I went to Indianapolis and it was a pretty good time. Mostly, I went to see Mike Noorman from the MU Skulls who has done a great job Demoing Shades of Earth. He ran an adventure called Thor’s Hammer. We were a group of Department 12 operative recruited by from the British military and some Americans. We were parachuted into Germany where we were set to meet Annette and Anna, spies already in place. They were to help us find Thor’s hammer and keep it from the Germans who hoped to harness it for a weapon in the upcoming war. Hijincks ensue and I end up stabbing an SS soldier int eh face and draining him of all his spirit points while the rest of the team take care of finding the magic belt, gauntlet and book that will allow us to open a gate in the ancient Oak that is the source of all this trouble. It is hoped that the Hammer is hidden inside the Oak but it turn out to be a gate to another world where there is a blue oak with blue pseudo-humans guarding it. We also find some German soldier who went in before us and we enter the fry with me throwing grenades with abandon and the others reading the book to get the hammer. In the end, the thing nearly kills the engineer but we drive off the bad guys and leave the strange land.

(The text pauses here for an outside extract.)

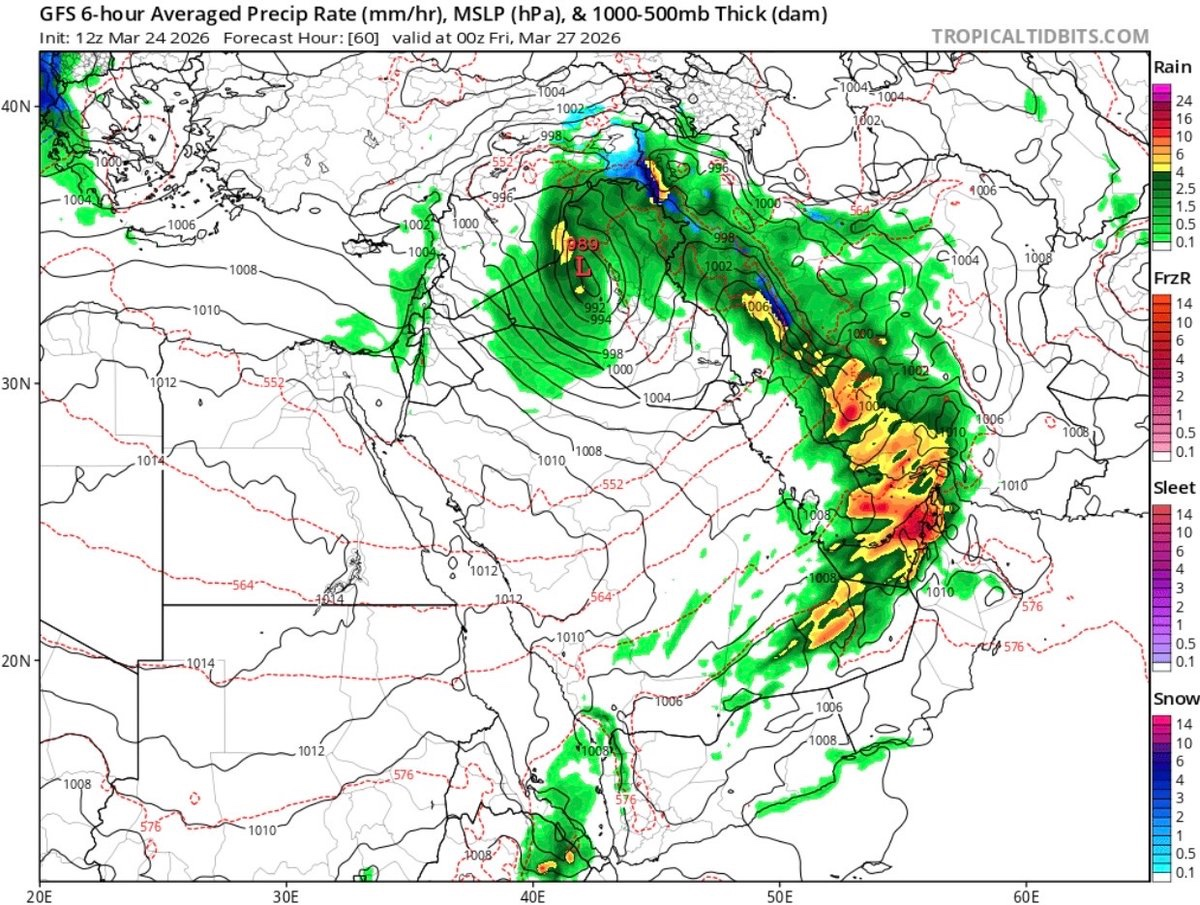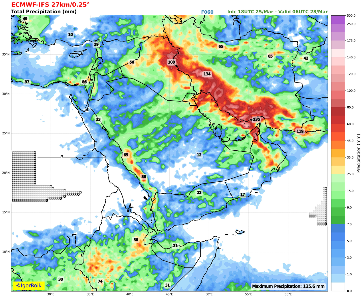插播场外参考事件:因为罕见低压系统穿越波斯湾沿岸,伊拉克、卡塔尔、阿联酋、伊朗正在发生一次至少百年一遇[1]级别大范围暴雨和强对流天气,站点+48小时雨量普遍超平时1年,内陆可能引发沙尘暴。

All in all, a good demo and a fun time. The criticisms I have, upon reflection, are ones Mike has mentioned himself. This was a combination of two adventures. I think it suffered a bit from the compression and his knowledge of the uncompressed version. I think it would have worked best to go through the tree and ended up in the past (part of the adventure had us finding German weapons from 1200 years ago and the tree obviously acted as a portal), tracking a band of rogue Germans (or even a group of German soldier who joined with the local tribe) to recover the hammer. The problem being you would need to compress the leading a bit in order to get it all in a 4 hour slot.

Overall though, it stressed something I have always believed. There are people who run games like I do. That is to say, in an almost system-less manner. He could have run that game with any system and made it work. The fundamentals were there. Mike is a great GM and I am very lucky to have him demoing my games. I cannot tell him how much I appreciate that (although I sure tried).